━━━ Information provided ━━━
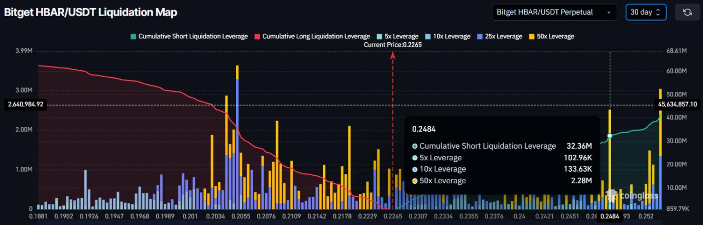 청산 데이터에 따르면, 헤데라해시그래프(HBAR) 다음 주요 저항선을 향해 상승할 경우 3,200만 달러 이상의 숏 계약이 청산될 수 있습니다. 주목해야 할 주요 가격대는 0.248달러로, 바로 직전 저항선 바로 위에 있습니다. 이 가격대를 돌파할 경우, 약세 포지션을 매도해야 하며, 이는 추가적인 매수 압력을 유발할 것입니다.
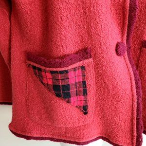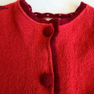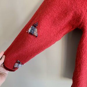 Vintage April Cornell red 100% wool sweater/cardigan with applique design.
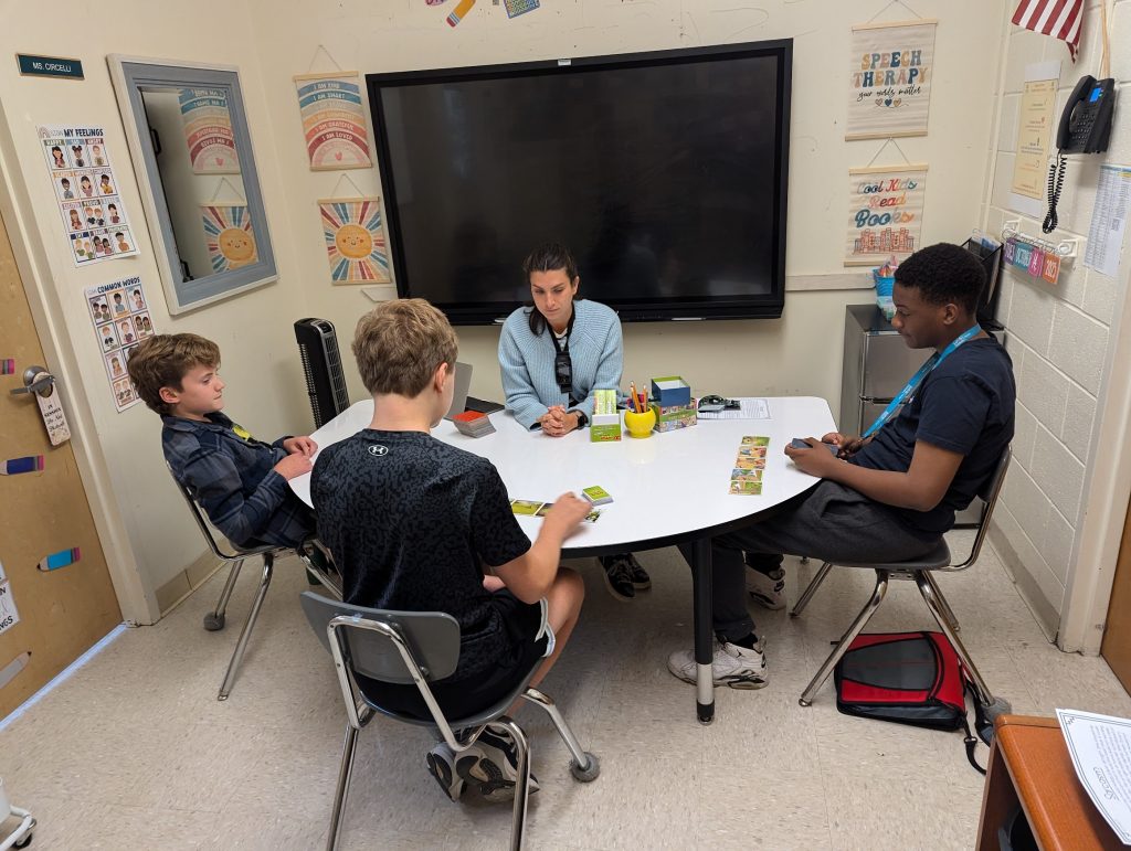 The speech department collaborates with teachers, administrators, and parents to generalize speech and language goals outside of the therapy room. Social language skills programs are run daily during lunch by the speech and counseling department. Students are taught a variety of social skills targeting perspective taking, conversational skills, friendship, problem-solving, and overall social competence. The speech department also uses a variety of highly specialized programs, including Social Thinking®, HearBuilders®, and VoicePro®, to supplement speech instruction. In addition to providing therapy to meet students’ speech and language goals, our mission is to ensure that each child develops speech and language skills to facilitate personal, social, and intellectual growth inside and outside of the classroom.
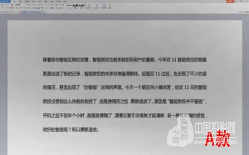 第二步,播放一页带文字的内容,例如Word文档,让屏幕充满文字;
━━━
About this task
Write the data above out again exactly, every line of it, and exclude the pictures.

Answer to this problem
 청산 데이터에 따르면, 헤데라해시그래프(HBAR) 다음 주요 저항선을 향해 상승할 경우 3,200만 달러 이상의 숏 계약이 청산될 수 있습니다. 주목해야 할 주요 가격대는 0.248달러로, 바로 직전 저항선 바로 위에 있습니다. 이 가격대를 돌파할 경우, 약세 포지션을 매도해야 하며, 이는 추가적인 매수 압력을 유발할 것입니다.
 Vintage April Cornell red 100% wool sweater/cardigan with applique design.
 The speech department collaborates with teachers, administrators, and parents to generalize speech and language goals outside of the therapy room. Social language skills programs are run daily during lunch by the speech and counseling department. Students are taught a variety of social skills targeting perspective taking, conversational skills, friendship, problem-solving, and overall social competence. The speech department also uses a variety of highly specialized programs, including Social Thinking®, HearBuilders®, and VoicePro®, to supplement speech instruction. In addition to providing therapy to meet students’ speech and language goals, our mission is to ensure that each child develops speech and language skills to facilitate personal, social, and intellectual growth inside and outside of the classroom.
 第二步,播放一页带文字的内容,例如Word文档,让屏幕充满文字;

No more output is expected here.